Types of replicates:

  • Technical replicates: Same sample measured multiple times (same biological source)
  • Biological replicates: Different samples from the same condition (different biological sources)

The fraction field identifies files that come from pre-fractionated samples. When a single sample is separated into multiple fractions before mass spectrometry analysis, each fraction is run as a separate file.

Key behaviors:

  • Peptides identified in multiple fractions of the same sample/replicate count as ONE identification during FDR calculation
  • Intensities can be aggregated across fractions for quantification
  • Use sequential numbering (1, 2, 3, 4…) for fraction identifiers

When to use fractionation:

  • Offline fractionation (e.g., high-pH reversed-phase, SCX)
  • Size-exclusion chromatography
  • Any workflow where one sample produces multiple raw files

The treatment_group field defines the experimental conditions for differential analysis. This is how you specify which samples should be compared against each other.

Key behaviors:

  • Used by the differential analysis algorithms to define comparison groups
  • Requires at least 2 groups with 2+ files each for statistical analysis
  • Labels should be descriptive (e.g., “Control”, “Disease”, “Treated”, “Untreated”)

Examples:

  • Control vs Disease
  • Baseline vs Week4 vs Week8
  • Vehicle vs Drug_LowDose vs Drug_HighDose

How Experimental Design Affects Your Results

Section titled “How Experimental Design Affects Your Results”

During peptide-level false discovery rate (FDR) calculation, identifications are grouped by sample and replicate.

Effect: If the same peptide is identified in multiple fractions of the same sample/replicate, it counts as one identification, not multiple. This prevents inflating your peptide counts when using fractionation.

Example:

  • Peptide PEPTIDEK found in Fraction 1 of Sample_A, Replicate 1
  • Peptide PEPTIDEK found in Fraction 3 of Sample_A, Replicate 1
  • Result: Counts as 1 unique peptide identification

During protein-level FDR calculation, identifications are grouped by treatment_group, sample, and replicate.

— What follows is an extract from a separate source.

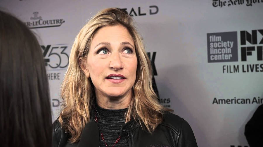 “edie Falco With An Intense Look In A Black Outfit” Wallpaper

Effect: This ensures proper tracking of which proteins are identified in which replicates, enabling accurate assessment of identification reproducibility across your experiment.


Setup: 6 samples, 3 controls and 3 disease cases, no fractionation, no technical replicates.

Filesamplereplicatefractiontreatment_group
Control_1.rawControl_111Control
Control_2.rawControl_221Control
Control_3.rawControl_331Control
Disease_1.rawDisease_111Disease
Disease_2.rawDisease_221Disease
Disease_3.rawDisease_331Disease

Notes:

  • Each file is a unique biological sample
  • Sample names are unique across all files
  • Replicate numbers are sequential within each treatment group
  • Fraction is set to 1 for all files (no fractionation)

Setup: 2 samples, each pre-fractionated into 4 fractions (8 total files).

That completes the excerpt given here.